Stored data:

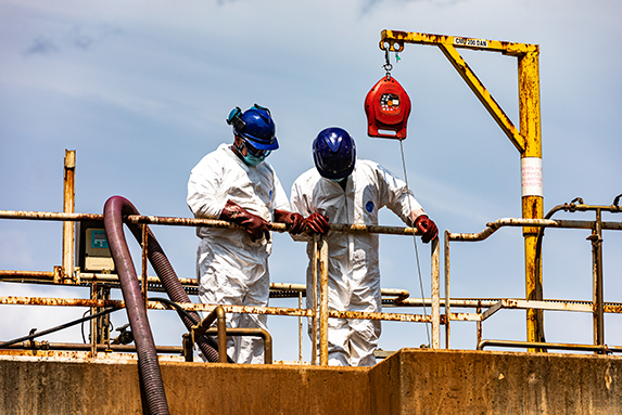 Nos équipes sont formées et habilitées aux travaux en milieu industriel : risques chimiques, transport de matières dangereuses, travaux haute pression, travaux sous appareil respiratoire isolant (ARI), travaux en espaces confinés, etc.
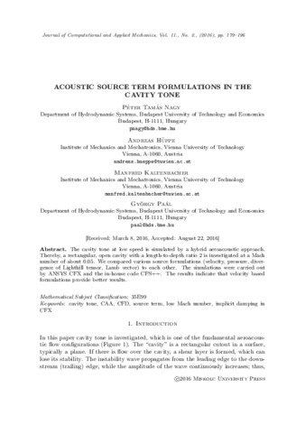 Nagy, Péter Tamás and Hüppe, Andreas and Kaltenbacher, Manfred and Paál, György (2016) Acoustic source term formulations in the cavity tone. JOURNAL OF COMPUTATIONAL AND APPLIED MECHANICS, 11 (2). pp. 179-196. ISSN 1586-2070
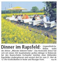 Ungewöhnliche Blüten treibt die Aktion „Münster bekennt Farbe“. Das Ristorante Artusi hat sich mit einem 300 Quadratmeter großen Ableger in Rinkerode bei den Baumschulen Eschweiler inmitten eines blühenden Rapsfeldes niedergelassen und serviert dort bis zum 21. Mai ab 12 Uhr Köstlichkeiten in fester und flüssiger Form.
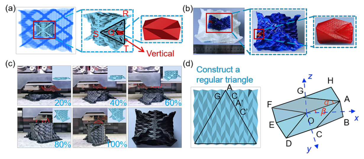 針對上述問題,西南大學(xué)化學(xué)化工學(xué)院、軟物質(zhì)材料化學(xué)與功能制造重慶市重點(diǎn)實(shí)驗(yàn)室黃進(jìn)教授和甘霖副教授團(tuán)隊(duì)提出了“無門檻”免支撐3D打印重復(fù)中空三維負(fù)泊松比結(jié)構(gòu)的策略。通過二維折紙單元的三維堆積匹配構(gòu)建重復(fù)四面體框架的構(gòu)想實(shí)現(xiàn)零向下凹點(diǎn)的負(fù)泊松比結(jié)構(gòu)設(shè)計(jì),建立了通用打印裝備和成型方式適用的 “無門檻”以及中空負(fù)泊松比結(jié)構(gòu)無需二次加工去支撐的“免支撐”打印技術(shù),突破了負(fù)泊松比結(jié)構(gòu)3D打印的材料類型、成型方式、過程裝備等多條件的約束,使強(qiáng)韌如ABS塑料、柔韌如硅橡膠等材料都能被賦予負(fù)泊松比特性。
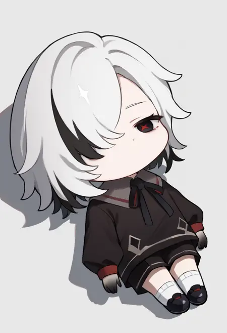 Smol Peruere 的服装:黑色上衣、黑色短裤、长袖、白色袜子、黑色鞋子、颈带
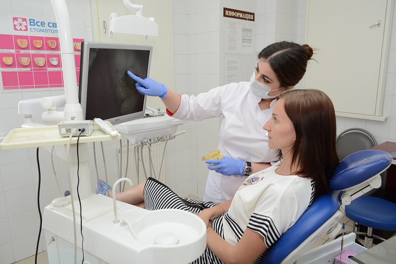 На консультации доктор осмотрит Ваши зубы и десны и проведет предварительную диагностику. Вам предложат сделать панорамный рентгеновский снимок обеих челюстей – ортопантоммму, который позволяет увидеть недоступные участки зубов и десен. Снимок поможет выявить прикорневой и межзубный кариес, оценить состояние костной ткани челюстей, уточнить форму и размеры пародонтальных карманов, увидеть положение зубов и корней при неправильном прикусе, а также понять, в каком состоянии находятся пролеченные ранее зубы.
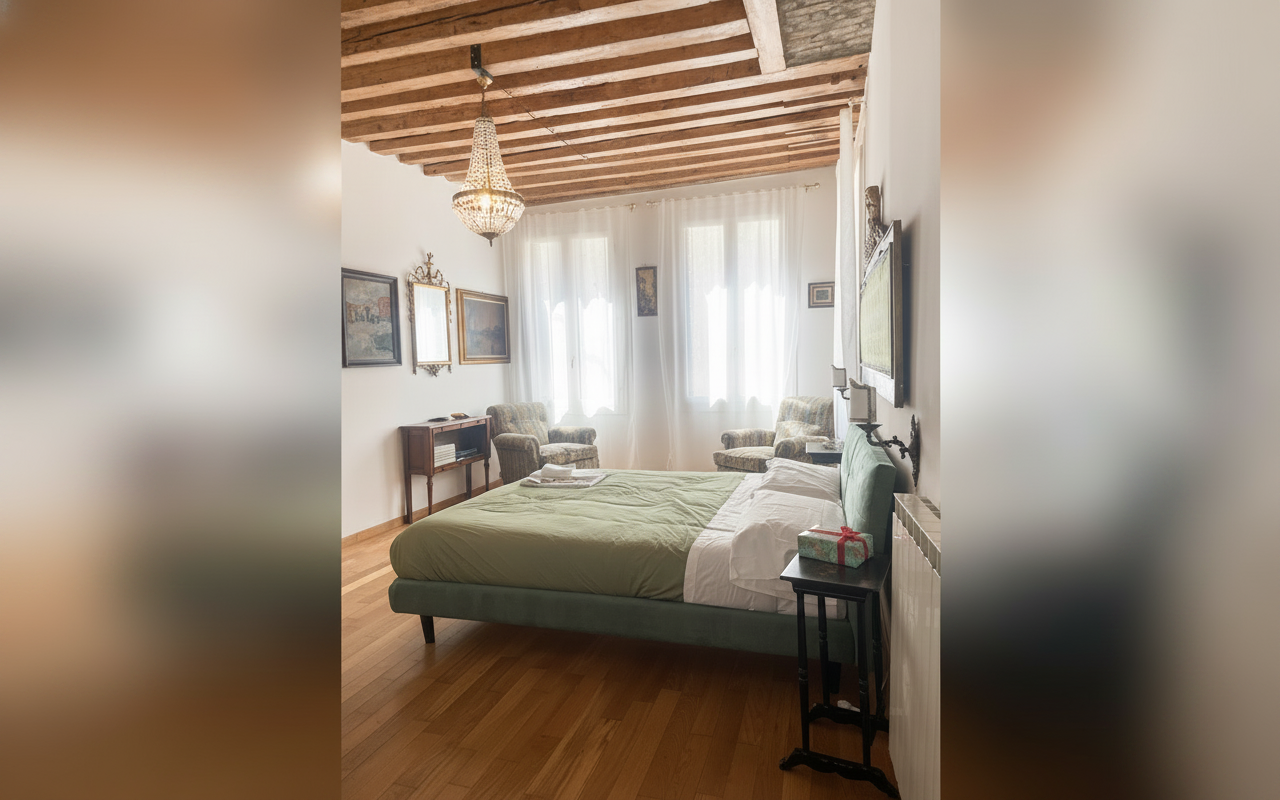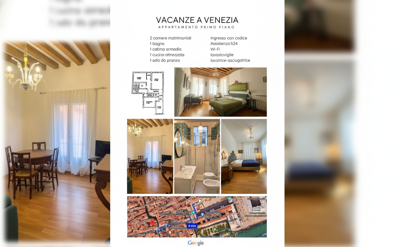Questo appartamento indipendente offre una camera matrimoniale, un soggiorno con divano letto, una cucina completamente attrezzata e un bagno con doccia. Gli spazi sono luminosi e arredati con gusto, offrendo un ambiente accogliente e rilassante. La posizione centrale permette di raggiungere facilmente a piedi le principali attrazioni turistiche, come la Basilica di San Marco e il Ponte di Rialto.

### Task to complete:
Return exactly the lines from the one with "На консультации доктор" through the last line of the entries above, both ends included. No pictures may appear in the copy.

### Finished task:
 На консультации доктор осмотрит Ваши зубы и десны и проведет предварительную диагностику. Вам предложат сделать панорамный рентгеновский снимок обеих челюстей – ортопантоммму, который позволяет увидеть недоступные участки зубов и десен. Снимок поможет выявить прикорневой и межзубный кариес, оценить состояние костной ткани челюстей, уточнить форму и размеры пародонтальных карманов, увидеть положение зубов и корней при неправильном прикусе, а также понять, в каком состоянии находятся пролеченные ранее зубы.
Questo appartamento indipendente offre una camera matrimoniale, un soggiorno con divano letto, una cucina completamente attrezzata e un bagno con doccia. Gli spazi sono luminosi e arredati con gusto, offrendo un ambiente accogliente e rilassante. La posizione centrale permette di raggiungere facilmente a piedi le principali attrazioni turistiche, come la Basilica di San Marco e il Ponte di Rialto.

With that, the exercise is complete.